The U.S. Environmental Protection Agency is completing risk assessments for neonics, such as imidacloprid. Final results are not yet available, but an agency spokesperson says risk mitigation will be proposed if, and where appropriate.
“Runoff of pesticide from the planting of treated seeds is usually reduced compared to foliar or soil applications, in part because overall application rates for seed treatments are usually lower and because seeds are in the soil,” reports the spokesperson, noting that concern for birds or mammals who eat treated seeds could be of greater concern.
In addition, exposure to residues in the plant would generally be less from treated seed than from a foliar treatment.
“Data show that residues of one neonicotinoid, imidacloprid, in the pollen and nectar of seed treated crops are lower than residues from foliar and soil applications to those same crops,” according to the EPA spokesperson.
“Only pests who bite into the seed or the plant itself are going to be impacted,” Nowak agrees.
A few beekill incidents involving treated seed have been reported but were related to pesticide dust released during planting. EPA recommends treated seeds be planted consistent with the EPA-approved label, using best management practices. If instructions are followed, the potential for exposure is limited.
“Remember, once treated, that seed goes in the ground, so accidental exposure to pollinators is very unlikely. We aren’t dealing with wind or dust or drift or any of those concerns if the seed is in the ground,” Pedersen says.

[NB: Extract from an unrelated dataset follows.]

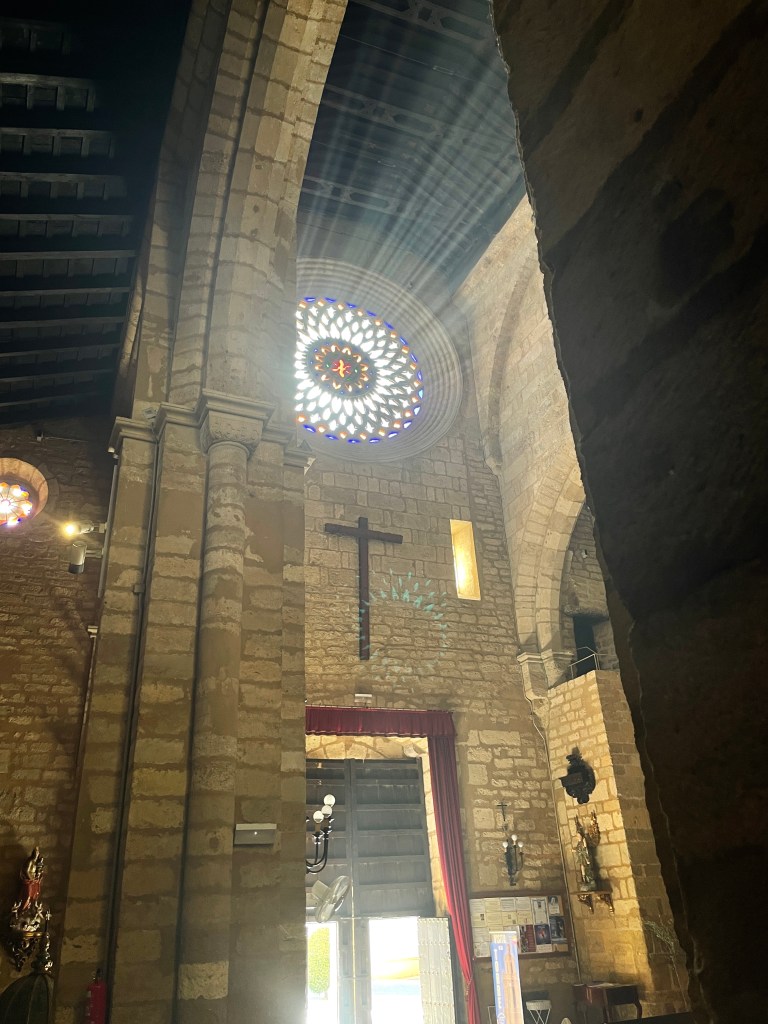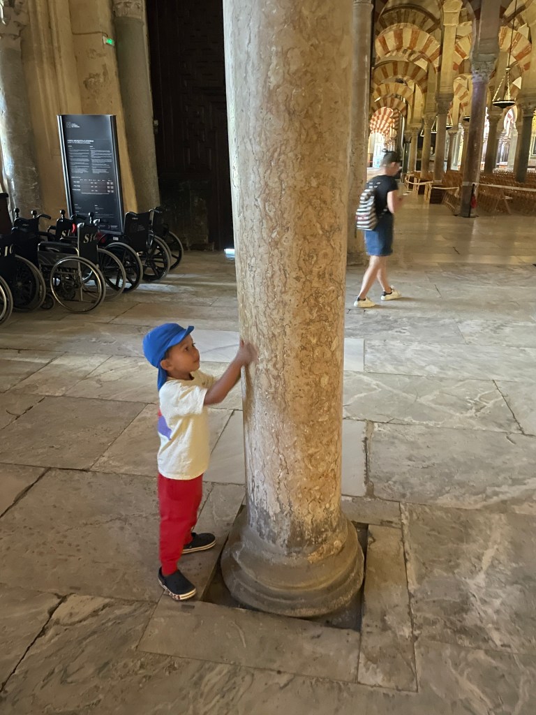 To one end there is a tiny museum and great pains are taken to illustrate how there was a Visigothic church before the Moors built their Mosque, which was followed by the Reconquista cathedral. So the official historical timeline is Visigoth Church followed by Mosque, followed by Roman Catholic Church. Later on I found out that the Visigothic Church theory is a little disputed. A beautiful rose window, throws multi hued light on the floor and Arjun is enthralled. Our blessings to whoever built that rose window.

McAllister agrees that a targeted approach is safer, both for humans and for beneficial insects.
“The potential for environmental and handler exposure is much less for seed treatment than for corresponding foliar treatments that would be targeted against the same pest problems,” he says.
This targeted application also guards against pesticide resistance, a growing concern.
“We’re trying to avoid that build up in the system and looking for sustainability by keeping beneficial insects around and reducing over-exposure,” Nowak says.
Other environmental effects to consider include increased carbon emissions and fuel consumption. Foliar applications require farmers to drive across the field more times, not only when applying the treatment, but also for routine checks before application begins.
An Essential Element
Seed treatments are an important part of an overall pest management plan. They aren’t a total replacement for other insecticide applications. Pedersen says farmers need a variety of options in their arsenal.
“Seed treatments are only intended for early-season protection against pests and diseases–the critical first four to six weeks to help seeds and seedlings get off to a healthy start,” he says.
Late-season infestations can only be treated with foliar products.
McAllister agrees foliar applications of other insecticides help handle pests that are not susceptible to seed treatments, as well as pest problems occurring later in the season; however, seed treatments could make later season issues less severe.
“Early season protection by a seed treatment gives the crop a healthy head start and increases its tolerance to pest attacks coming later,” he says.
Overall, it’s hard to imagine a world without neonicotinoids now that farmers have come to depend on their many benefits.
With the world’s population growth expected to increase food production needs by nearly 70 percent by the year 2050, perfecting agricultural practices while managing environmental impacts is key, and seed treatments play an important role in those efforts.